I have read through the FAQs and searched the forums as best I could but have been unable to find a solution to my problem. So I hope you folks can either tell me what to do or point me to a thread or tutorial that will solve my problem.

I have black and white pictures (jpg) that I am colorizing, virtually pixel by pixel, and utilizing the magic wand. If I complete the picture in one sitting and save it, when I reload it, all the pixels are the same colors as I had them. However, if I only get partway through a picture and save it, when I reload it, many of the pixels have been changed to some kind of blended color, particularly around the edges of areas on which I've worked, but often even original areas have had the colors adjusted. What I would like to be able to do is save work I've done and return to it at a later time to continue colorizing, without the pixels having changed.

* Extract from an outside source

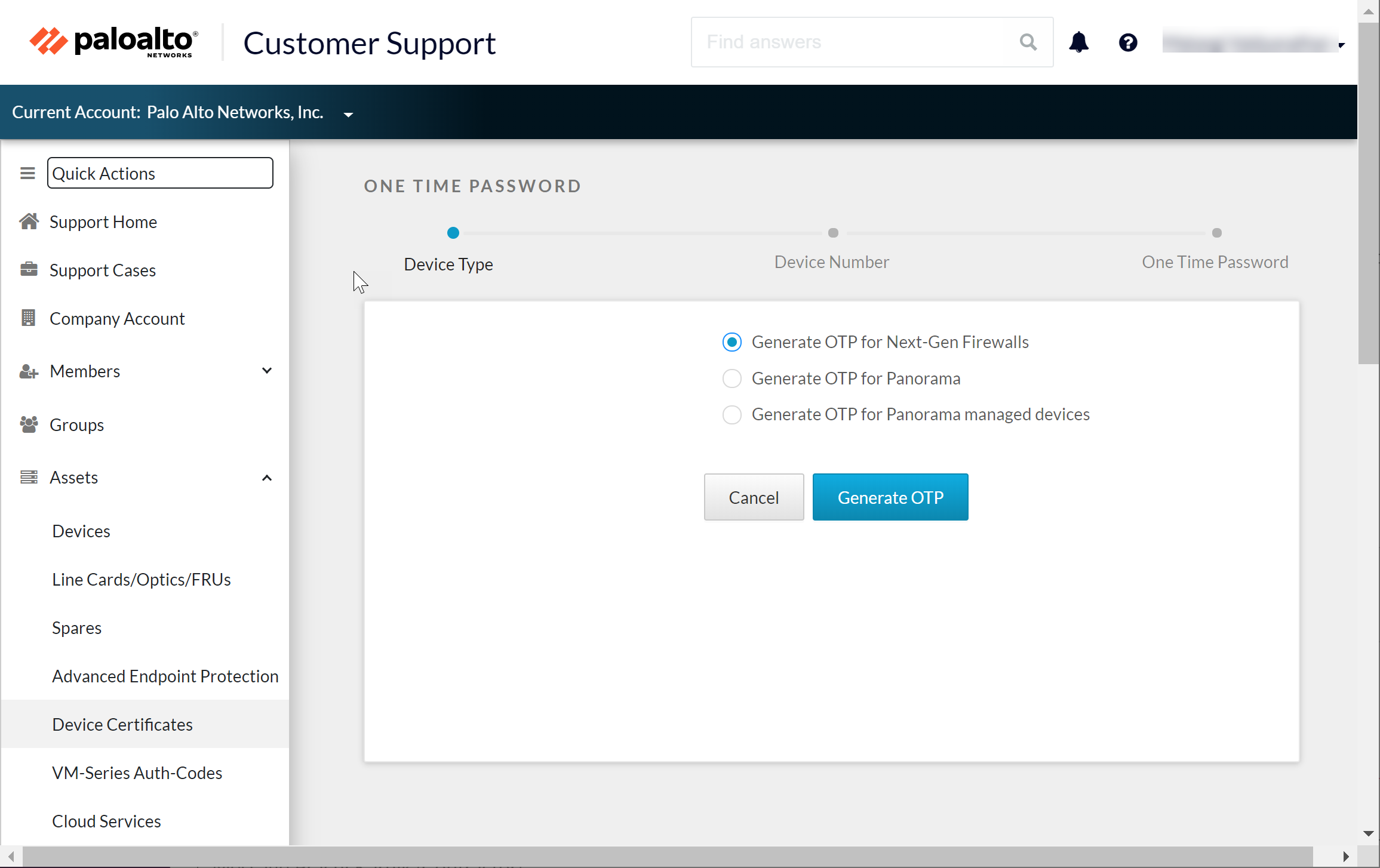 The firewall requires this device certificate to get the site license entitlements and securely access the cloud services.- Log in to the Customer Support Portal with a user role that has permission to generate an OTP.Register your VM-Series firewall, if you have not already.

I've been through the tutorial on blending, hoping that this may have provided some way to turn off the feature, if that is indeed what is happening, but so far I have had no success. There's probably something simple that I'm just completely missing, but I'm at a loss as to where to find it. If you can, please let me know how to stop the pixel color adjustments, or point me to a thread I must have missed in my search.

Thank you in advance.

-- Xix

Posted

What file format are you saving in?

 

The Doctor: There was a goblin, or a trickster, or a warrior... A nameless, terrible thing, soaked in the blood of a billion galaxies. The most feared being in all the cosmos. And nothing could stop it, or hold it, or reason with it. One day it would just drop out of the sky and tear down your world.
Amy: But how did it end up in there?
The Doctor: You know fairy tales. A good wizard tricked it.
River Song: I hate good wizards in fairy tales; they always turn out to be him.

Posted

Yep, Ash has it right...

Jpeg files are also commonly referred to as lossy files, meaining they lose detail, because it doesn't save every single pixel.

.png files are great and won't lose any detail

also targa files and bitmap (.tga and .bmp) work as well. It all depends on what you intend to use them for, as some file types are larger than others.